Он задумчиво пускал дым кольцами и следил, как они легко выскальзывают в форточку. С кухни его позвала мать:
– Женя, обед готов! Будешь сейчас есть?
– Нет, ма, – быстро откликнулся он. – Я занят. Через полчаса.
– Борщ остынет, – сказала мать. – Придется его разогревать, а это не так вкусно…
– Нет, попозже…
– И чем это таким важным ты занят, что нельзя прерваться?
– Да уж, – хмыкнул он. – Занят!
Мать больше не звала его. Он давно уже приучил её не отрывать его от работы. Если занят – значит, занят, и точка.
«А чем, собственно, таким важным я сейчас занимаюсь? – спросил он самого себя. – И зачем пишу вот эти… мемуары? Хм! И вправду: мемуары! Зачем?»
Он надеялся, что история, которой он жил почти два года, перенесенная на лист бумаги, заживет как бы отдельной жизнью. И это отчуждение поможет ему лучше понять самого себя.
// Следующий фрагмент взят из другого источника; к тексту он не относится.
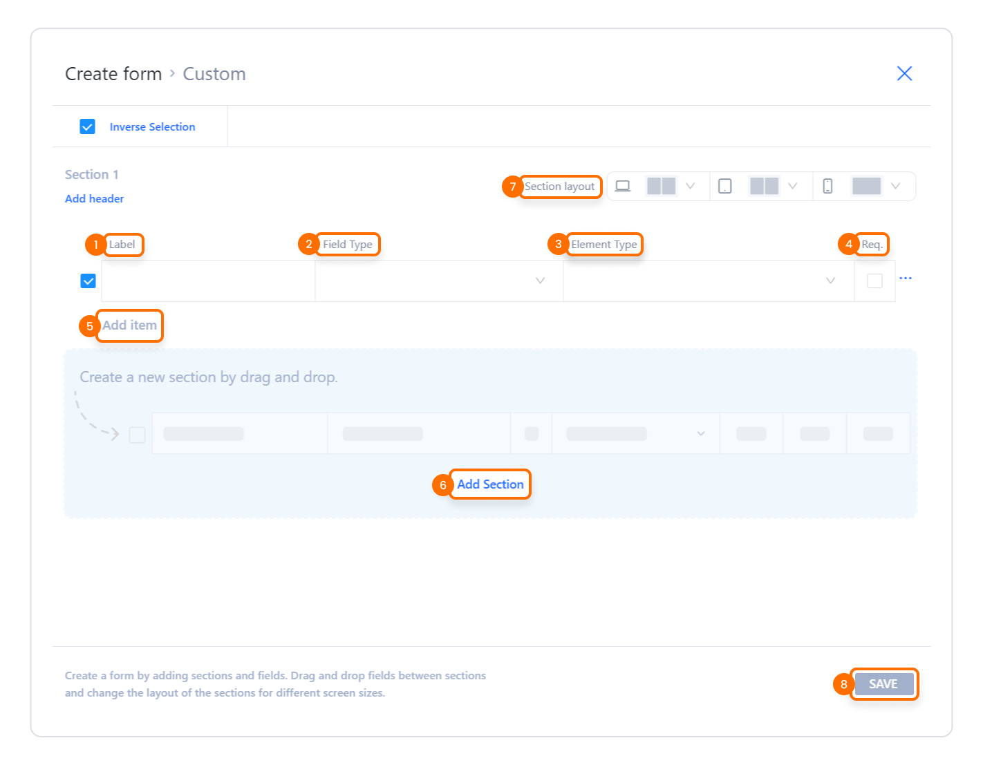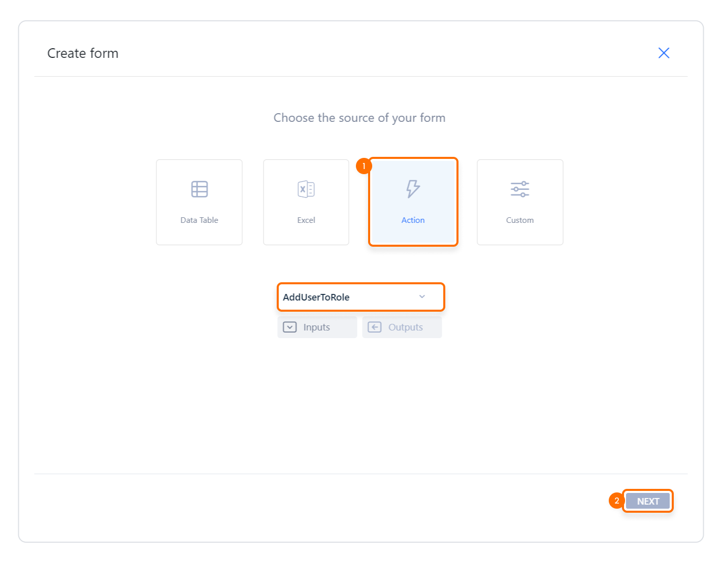 Drag the form element onto the screen, select Custom (1) → NEXT (2).

Вот эти ровные строки предложений – не просто текст, это ещё и анализ того, что было. И Дьяволенок рассчитывал, что события того душного июльского дня, разложенные по полочкам, наконец-то перестанут его мучить.
Дьяволенок хорошо помнил, что, ожидая знака от друзей, почему-то думал не о Ней, а о том, что мужчины бывают поразительно странными: в них каким-то образом сочетается цинизм, жестокость, жуткое ерничество и вечный, неисправимый романтизм. Впрочем, может быть, пошлость и скабрезность – это что-то вроде маски, прикрывающей жажду чувств и настоящей страсти?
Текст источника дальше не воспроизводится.